August kissed his nose. “The Russian is on borrowed time. Archer’s already on his way to take care of him.”

“That’s good,” Lucas said, sounding like it was no better or worse than before.

“Do you want to go home?” August asked.

“Whose home?” Lucas asked.

August frowned. “Our home. Like you said, I like to keep my most treasured things close to me.”

Lucas sucked in a surprised breath but recovered quickly. “Has it occurred to you that we’ve only known each other a week? A week, August. Seven days.”

“Ugh, yeah. I don’t like when you say my name either. It sounds like I’m in trouble.”

“See?” Lucas asked.

“We’re getting distracted. What does time have to do with how you feel about me?”

“I shouldn’t love you after seven days,” Lucas said.

“Shouldn’t or don’t?” August asked, holding his breath as Lucas seemed to struggle with the answer.

“Shouldn’t. I shouldn’t love you, but I think I do. I know I do.

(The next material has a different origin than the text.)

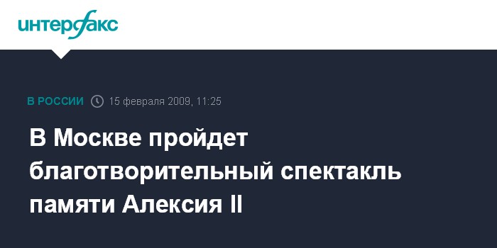 В Москве пройдет благотворительный спектакль памяти Алексия II

I love you but I shouldn’t,” Lucas said, miserable.

August shook his head. “You’re so hung up on time. It took me seven seconds to figure out you’re it for me. If the passage of time is so important to you, I’ll wait. Even if it takes you seven weeks or seven months or seven years, but don’t let time be the only reason to keep us from doing what we both want. We don’t have to explain ourselves to anybody.”

He could see Lucas’s resistance crumbling. “You know the rumor mill at work is already churning overtime.”

“Then let’s give them something to talk about,” August countered. “Move in with me. I want to wake up next to you every morning and go to bed with you every night.”

Lucas smirked. “You say that now. But you haven’t seen me watching Star Trek in my underwear with Cheetos dust on my fingers.”

A slow smile spread across August’s face. “You paint a vivid picture, umnishka. But I’m willing to risk it.”

Lucas pressed a long chaste kiss to August’s lips. “Then take me home. I want a shower. Oh, and that cheesecake you bought. It really was one of the best things I ever put in my mouth. Can we get that cheesecake on the way home? Please?”

“We should probably grab dinner, too.”

“No. I demand a shower, sex, and cheesecake, the order of which is to be determined when we get home.”

“Say it again.”

“Shower. Sex. Cheesecake?” Lucas asked.

“No, home,” August prompted.

Lucas smiled softly. “You are the world’s most sentimental psychopath. Now, take me home.”